For both the simliarity analysis of Queen & King there is a second order to what are commonly understood linearities to their significant other; instead, the first simliarites to these terms are rather what they are before in their status being prince & princess. When looking at the simliarity analysis of Man there can be seen a differnce from the above terms: instead of to a term to denote what a man once was it's instead to the term Women.

### 2. 
Chainging the King & Queen terms to the terms Pairs & Italy doens't result in a similarity between neither of them for the term Rome; rather, I get other terms like that of Frace for Paris and Spain for Italy.


### 3.
Focusing on the difference between the use of TF-IDF matrix and the model used here it would show that the model used here has a matrix output which is more human readable where it presents the most simliary terms to the user. In part 1 rather it requires a manual inspection for what terms are more similar to each other. In view of keyword overlap, these sorts of models provide a greater degree of possible simliarity between terms rather then that of a binary simliarity.


### 4.
I'm not sure what document of 2 & 3 the question is refering to, but this likely can be a general question to ask about why embedding might discover higher simlarites then TF-IDF.

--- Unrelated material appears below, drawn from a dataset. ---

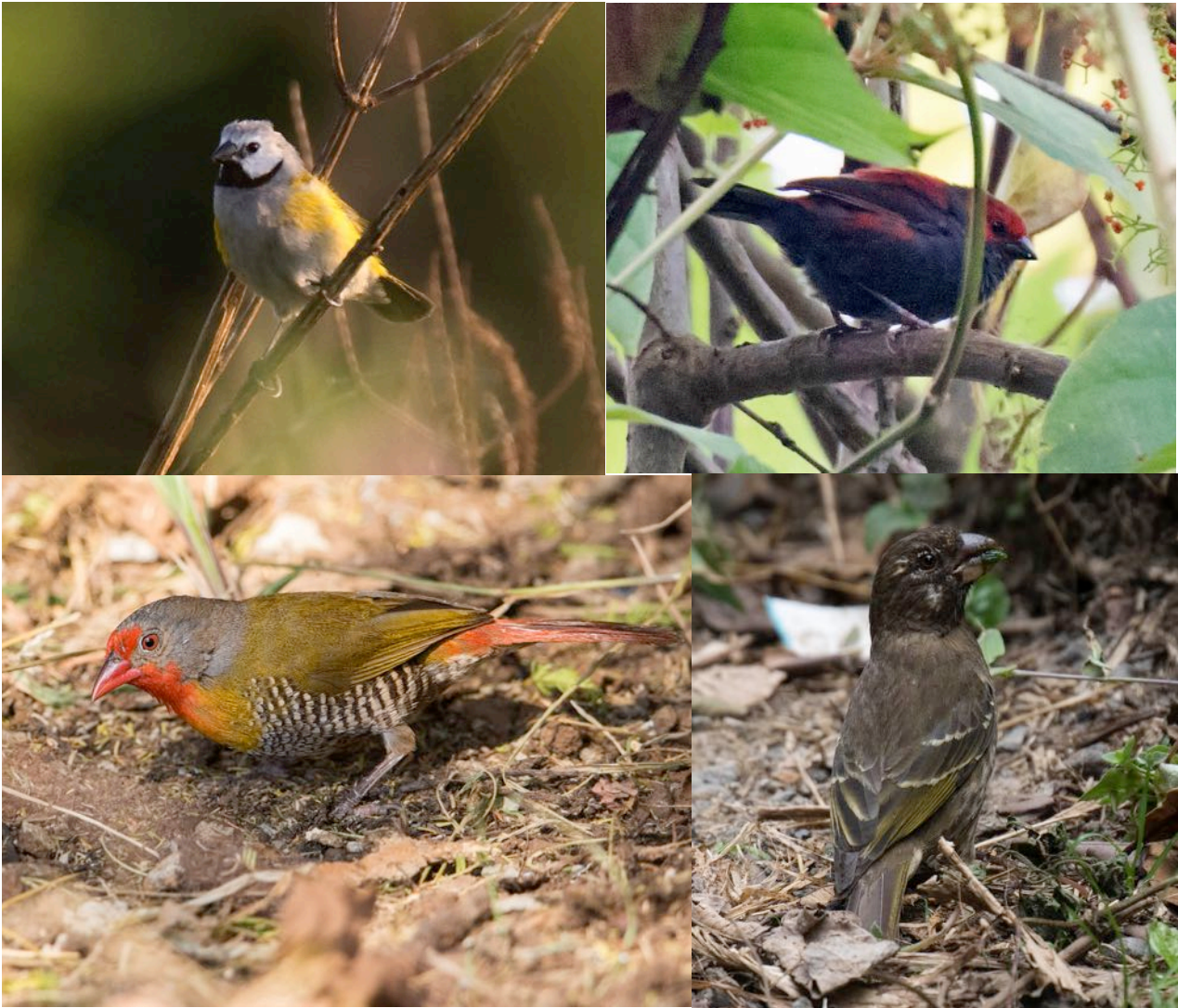
Grey-headed Oliveback, Dusky Crimsonwing, Thick-billed Seed-eater and Green-winged Pytilia.

Chestnut-crowned Sparrow-weaver Plocepasser superciliosus Small numbers in Murchison Falls NP. House Sparrow Passer domesticus Only seen 4 times during the tour. Shelley's Sparrow Passer shelleyi Seen at Murchison Falls. Northern Grey-headed Sparrow Passer griseus Widespread. Speckle-fronted Weaver Sporopipes frontalis Seen in Murchison Falls. Thick-billed Weaver (Grosbeak W) Amblyospiza albifrons Widespread. Baglafecht Weaver Ploceus baglafecht Fairly common. Slender-billed Weaver Ploceus pelzelni Recorded a few times, common in Queen Elizabeth. Little Weaver Ploceus luteolus Seen at Murchison Falls. Spectacled Weaver Ploceus ocularis Scattered sightings. Black-necked Weaver Ploceus nigricollis Small numbers recorded at various locations. Strange Weaver ♦ Ploceus alienus Good views in Nyungwe and Bwindi. Black-billed Weaver Ploceus melanogaster Seen at Bwindi. Holub's Golden Weaver Ploceus xanthops Scattered sightings. Orange Weaver Ploceus aurantius 2 near Mabamba. Northern Brown-throated Weaver Ploceus castanops Seen at several locations. Lesser Masked Weaver Ploceus intermedius 2 in Queen Elizabeth NP. Vitelline Masked Weaver Ploceus vitellinus Seen at Murchison Falls NP. Village Weaver Ploceus cucullatus Common and widespread. Vieillot's Black Weaver Ploceus nigerrimus Widespread.

## Part 3: Reflection and Real-World Application (30 points)

Recommended reading (optional but helpful):

https://intellica-ai.medium.com/comparison-of-different-word-embeddings-on-text-similarity-a-use-case-in-nlp-e83e08469c1cLinks to an external site.

### Answer each question in 3–5 sentences:

    1. Provide two practical business examples where accurate text similarity improves workforce productivity (for example: customer support, legal review, content recommendation).

    2. Why do word embeddings generally outperform TF-IDF for semantic tasks, while TF-IDF may still be preferred for speed or interpretability?

    3. If you were building a plagiarism detection system for student essays, which approach would you favor and why?

    4. Based on this lab, which embedding model would you try next (Word2Vec, FastText, or BERT), and for what reason?

## 1.
Going with the example given for legal review, I think it's common to think of a sort of replacement for a legal review using such methods of NLP, but putting these tools in the hands of such a reviewer can rather differentiate them via their perticuler ablity. One might have a trend within their set of documents they can hone into by possibly using a basic suite which can perform TF-IDF, thereby finding the use of important terms.

## 2.
The reasoning for TF-IDF being sightly less preformative then Word Embedding models comes about from at least two things. The first is that TF-IDF is built from the foundation of similarity based on semantics rather then lexical, which means terms that share similair form are what's related within TF-IDF and that terms which had shared simliar meaning within sentences are what's related when using Embedding models. The second is that word embedding models map within lower dimensions whihch means there can be denser vectors of simliarites for the model to learn from; inverse TF-IDF maps within very high dimensions which can cause greater distnace between vectors. 


## 3.
The idea of plagiarism brings to me that idea of someone using simliar ideas in a similar way; the only reason I think this could be is due to the effort it takes to re-write something in another way resulting in just learning the material anyways. This means I would use a word embedding model for finding the lexical similairty of sentences to paragraphs, perhaps looking into the herustics of hyperparameter tuning.


## 4.
Trying out FastText would be interesting due to it's approach of representing terms as bags of character of n-grams rather then that of atmoic units belonging to the term. This itself may show that it's a herustic of doing such a pre-processing/embedding style for similiarity matching.